_EXERCISE REQUIREMENTS_
Pictures aside, can you reproduce the records word for word?

_Excerpts from a dataset_
════
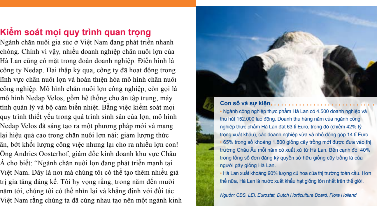
Nguồn: Energising the Future

Chuyến thăm Việt Nam lần này gồm nhiều doanh nghiệp vừa và nhỏ hoạt động trong ngành nông sản và thực phẩm Hà Lan. Điển hình là Geerlofs – doanh nghiệp đã hoạt động tại Việt Nam – là doanh nghiệp tiên tiến đang nắm giữ một thị phần riêng trong lĩnh vực làm lạnh. Công ty Geerlofs đã hoạt động được 75 năm. Năm ở miền Tây Hà Lan, nơi tập trung đông các trang trại nhà kính, doanh nghiệp lạnh lạnh Geerlofs đã trực tiếp tham gia thiết kế và phát triển chuỗi cung ứng sản phẩm của ngành nông sản, trồng trọt và chế biến thực phẩm cho thị trường trong và ngoài nước. Tại Việt Nam,Geerlofs cũng cung cấp các máy làm lạnh trồng hoa hồng và hoa cúc cho công ty TNHH Agrivina, Đà Lat Hasfarm. Doanh nghiệp cũng cung cấp kho lạnh bảo quản khoai tây. Điểm mạnh của Geerlofs là những công trình làm lạnh tron gói, chia khoai cho tạo đảm bảo công nghệ tiên tiến của Hà Lan được sản xuất tại Trung Quốc với giá thành hợp lý. Dự án xây dựng Trung tâm xử lý hàng hóa để hư hỏng Coolport tại trung tâm sân bay Changi, Singapore với sức chứa 50.000 mét khối hàng hóa, đã đưa tên tuổi của công ty đến với các nước Châu Á. Công trình này giúp bảo quản và vận chuyển khối lượng lớn hàng hóa để hư hỏng qua một trong những sân bay hiện đại và nhộn nhịp bậc nhất thế giới.
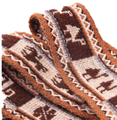
Figura 14. La Fajas del varón.

/Faja Aymara
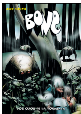
Bone 3 Los ojos de la tormenta 192 páginas. 15 euros ISBN: 978-84-92769-60-5
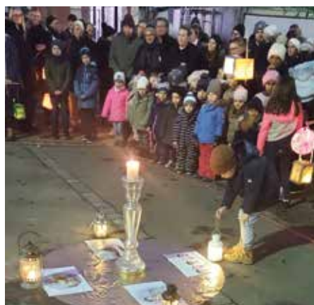
Wir tragen das Martinslicht auch zu den Kranken - Armen - und Kindern
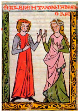
L'estil de vestir universal del segle XIII, igual per homes i dones. [ Fig. 107 ]

Allarg del segle XIII, l'estil de la vestimenta era senzill, constant i igual per a tothom i per ambdós sexes. La túnica d'un rei, una
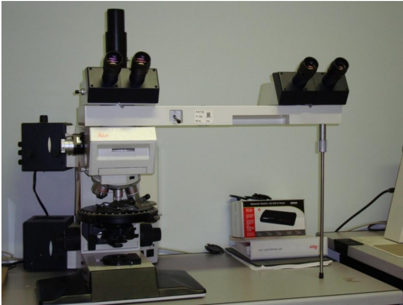
Microscopio polarizzatore Leika RXP
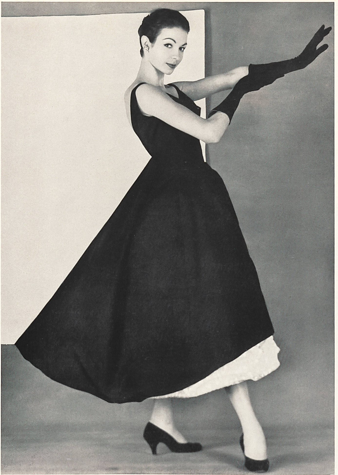
JACQUES HEIM Soie «Kashmir» de Stehli & Co., Zurich Distribué par Fred Carlin, Paris
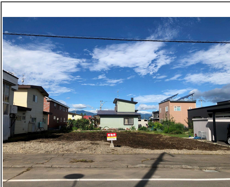
令和5年8月上旬 解体済み
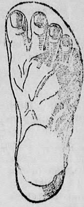
Rendseks láb. Chasalla czipőben

Egyedüli elárusító GUTTFREUND SAMU Kassa, Fő-u. 43.
════
_REPLY_
Nguồn: Energising the Future

Chuyến thăm Việt Nam lần này gồm nhiều doanh nghiệp vừa và nhỏ hoạt động trong ngành nông sản và thực phẩm Hà Lan. Điển hình là Geerlofs – doanh nghiệp đã hoạt động tại Việt Nam – là doanh nghiệp tiên tiến đang nắm giữ một thị phần riêng trong lĩnh vực làm lạnh. Công ty Geerlofs đã hoạt động được 75 năm. Năm ở miền Tây Hà Lan, nơi tập trung đông các trang trại nhà kính, doanh nghiệp lạnh lạnh Geerlofs đã trực tiếp tham gia thiết kế và phát triển chuỗi cung ứng sản phẩm của ngành nông sản, trồng trọt và chế biến thực phẩm cho thị trường trong và ngoài nước. Tại Việt Nam,Geerlofs cũng cung cấp các máy làm lạnh trồng hoa hồng và hoa cúc cho công ty TNHH Agrivina, Đà Lat Hasfarm. Doanh nghiệp cũng cung cấp kho lạnh bảo quản khoai tây. Điểm mạnh của Geerlofs là những công trình làm lạnh tron gói, chia khoai cho tạo đảm bảo công nghệ tiên tiến của Hà Lan được sản xuất tại Trung Quốc với giá thành hợp lý. Dự án xây dựng Trung tâm xử lý hàng hóa để hư hỏng Coolport tại trung tâm sân bay Changi, Singapore với sức chứa 50.000 mét khối hàng hóa, đã đưa tên tuổi của công ty đến với các nước Châu Á. Công trình này giúp bảo quản và vận chuyển khối lượng lớn hàng hóa để hư hỏng qua một trong những sân bay hiện đại và nhộn nhịp bậc nhất thế giới.
Figura 14. La Fajas del varón.

/Faja Aymara
Bone 3 Los ojos de la tormenta 192 páginas. 15 euros ISBN: 978-84-92769-60-5
Wir tragen das Martinslicht auch zu den Kranken - Armen - und Kindern
L'estil de vestir universal del segle XIII, igual per homes i dones. [ Fig. 107 ]

Allarg del segle XIII, l'estil de la vestimenta era senzill, constant i igual per a tothom i per ambdós sexes. La túnica d'un rei, una
Microscopio polarizzatore Leika RXP
JACQUES HEIM Soie «Kashmir» de Stehli & Co., Zurich Distribué par Fred Carlin, Paris
令和5年8月上旬 解体済み
Rendseks láb. Chasalla czipőben

Egyedüli elárusító GUTTFREUND SAMU Kassa, Fő-u. 43.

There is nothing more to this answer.